Shegun Holder, co-founder and principal, WorkEverywhere: 

There was one winner: Airbnb. Their decisions to adopt a full embrace of remote work and lead the further transformation of their product into the experience economy with the introduction of Categories, will go down as truly monumental changes for proptech. The biggest news will be which high-flying company collapses and truly surprises us. ‘As the tides go out, we will see who is truly swimming exposed.’”

Sonu Panda, CEO of Prescriptive Data:

“The most interesting thing we’ve noticed in the proptech world is the emphasis on sustainability and the transition into climate tech. We’ve always focused on energy reduction, which leads to carbon emission and cost reduction ROI. It’s been interesting to see most, if not all, proptech companies now leading with sustainability messaging.

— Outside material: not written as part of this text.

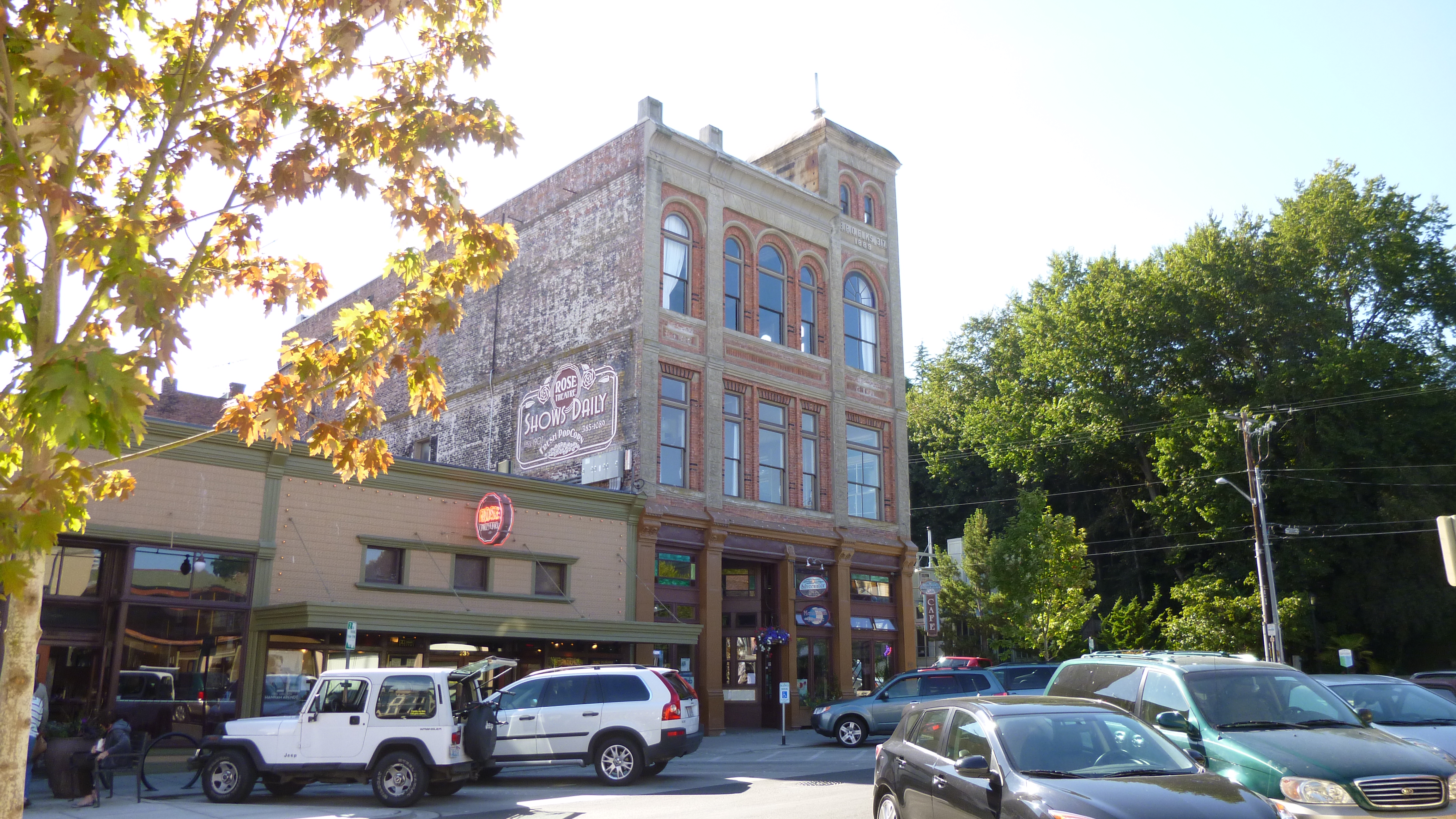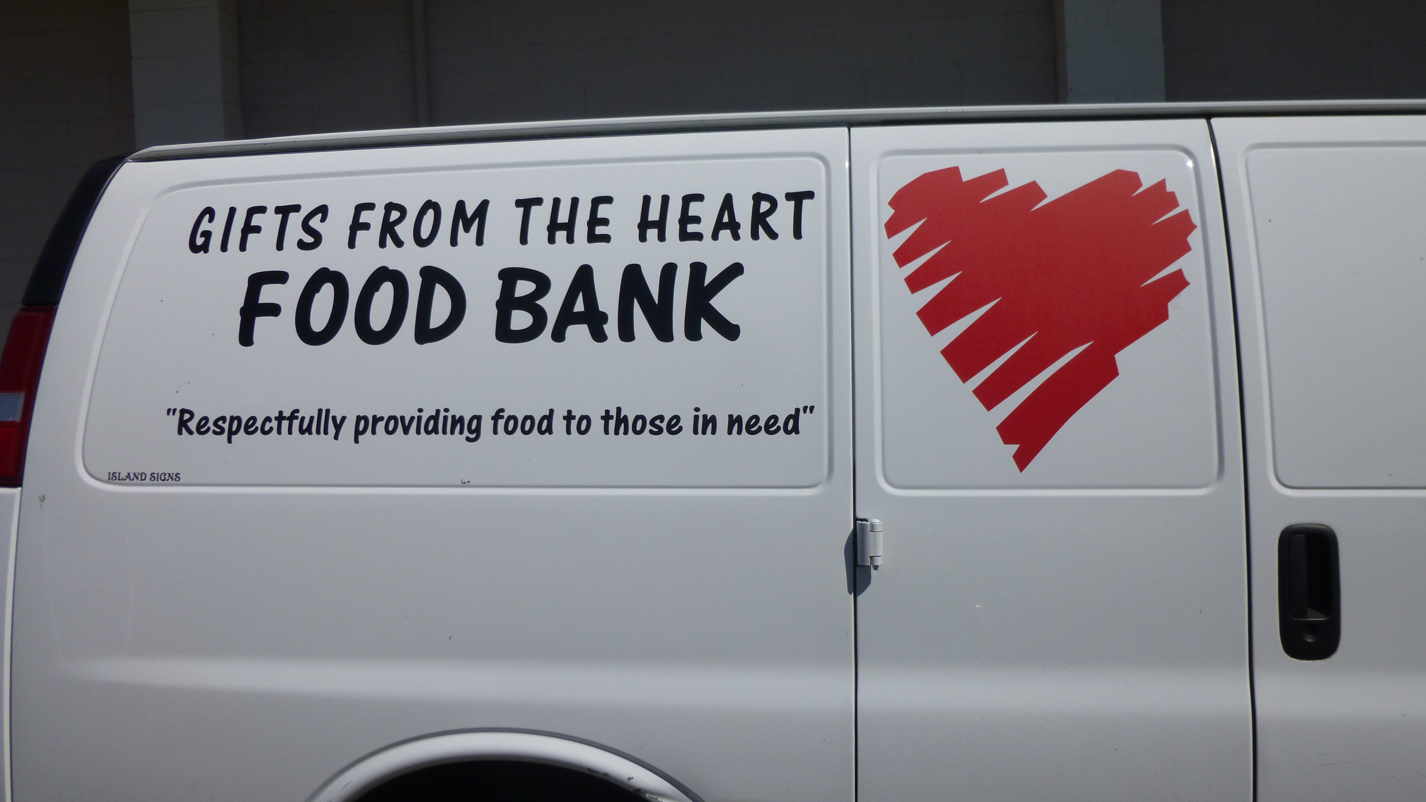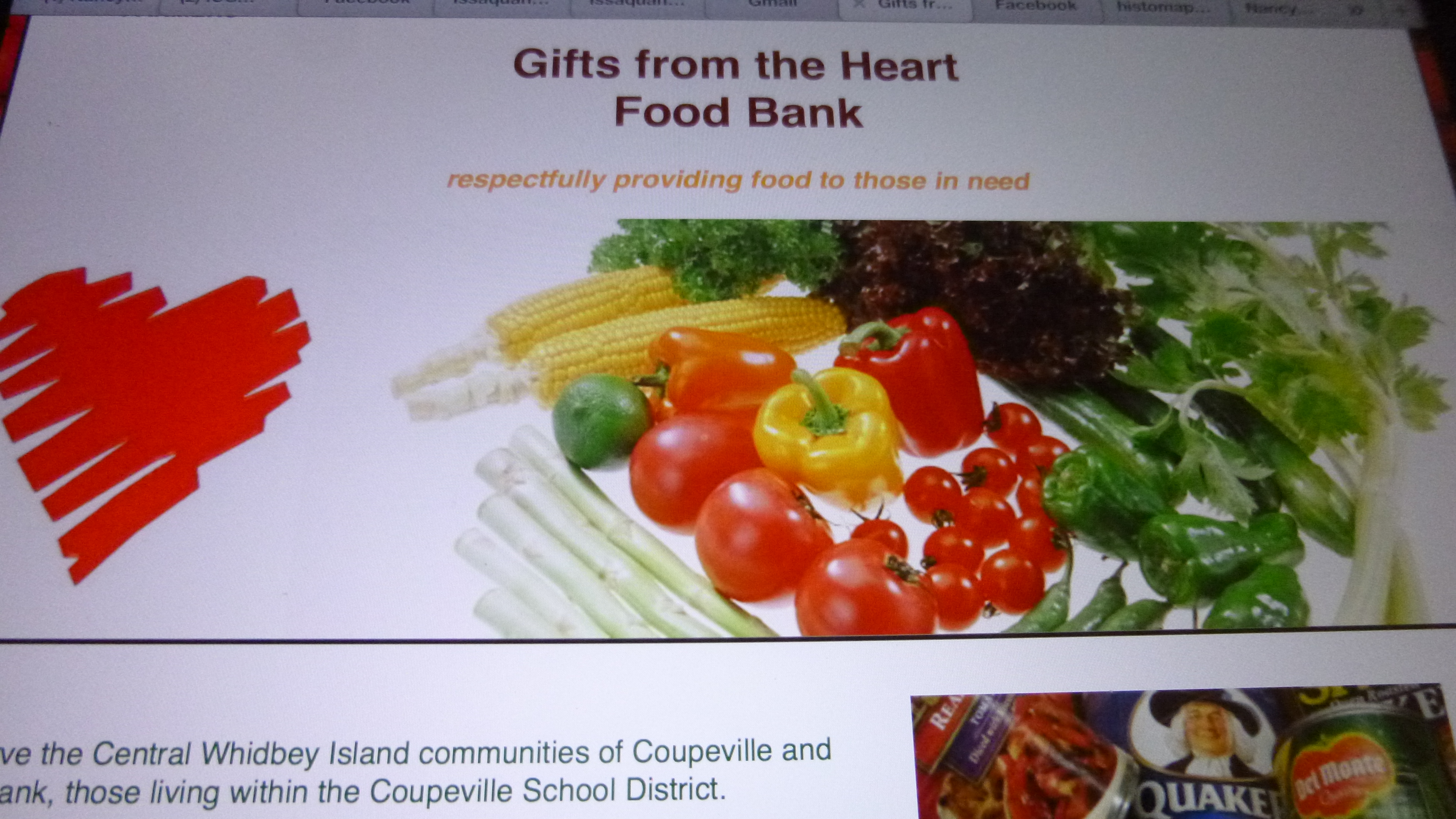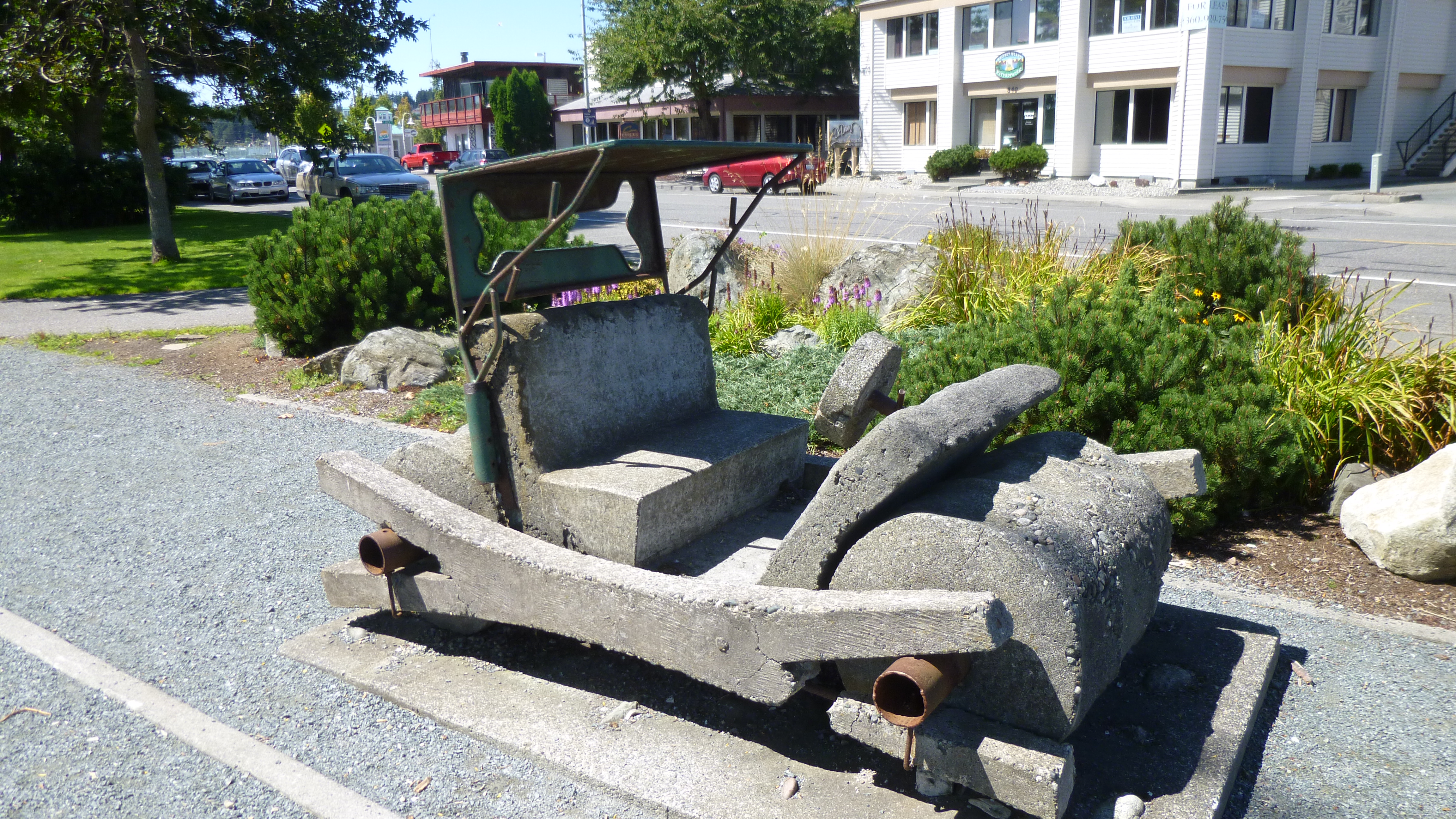 After I was set with that reservation, I headed south on Whidbey Island toward the town of Oak Harbor, where we got out for 2 1/2 miles of walking by the water. Oak Harbor was settled by the Dutch, and there’s a windmill in one of the parks. I walked along a boardwalk, and then came across a concrete version of a Fred Flintstone car – hmmm! I continued on to Coupeville, where I was going to make my donation to the Gifts from the Heart Food Bank, which serves central Whidbey Island. They are not open every day, but their website said non-perishable foods could be dropped off any time at one of 5 different places in town. So I went shopping for non-perishable goods and got cereal, oatmeal, spaghetti sauce and pasta, canned pasta, mac and cheese, and canned chicken and tuna. Then I found the Whidbey Island Bank, and one of the ladies showed me the box that was set out for donations. It only had a couple things in it – I added all my shopping bags and overflowed the box!

We believe there are six main drivers pushing real estate owners to focus on sustainability, causing proptech companies to lead with sustainability messaging: (1) regulatory mandates, (2) investors rewarding ESG/sustainability, (3) consumers demanding climate transparency, (4) enterprise carbon zero commitments, (5) energy price volatility, and (6) unpredictable weather.

“I predict investment into proptech will not slow, especially in sustainability, ESG and tech that enables a remote yet connected workplace. Second, we will see operational technologies merge with tenant- and leasing-focused technologies. The NYSERDA RTEM + Tenants Program illustrates how real estate owners are looking to connect core building technologies with tenant technologies. Third, we will see the rise of owners who are using machine learning technologies to gain massive competitive advantages. This will include everything from analyzing property valuations on the acquisition side to using AI to optimize buildings in real time, improving NOI.”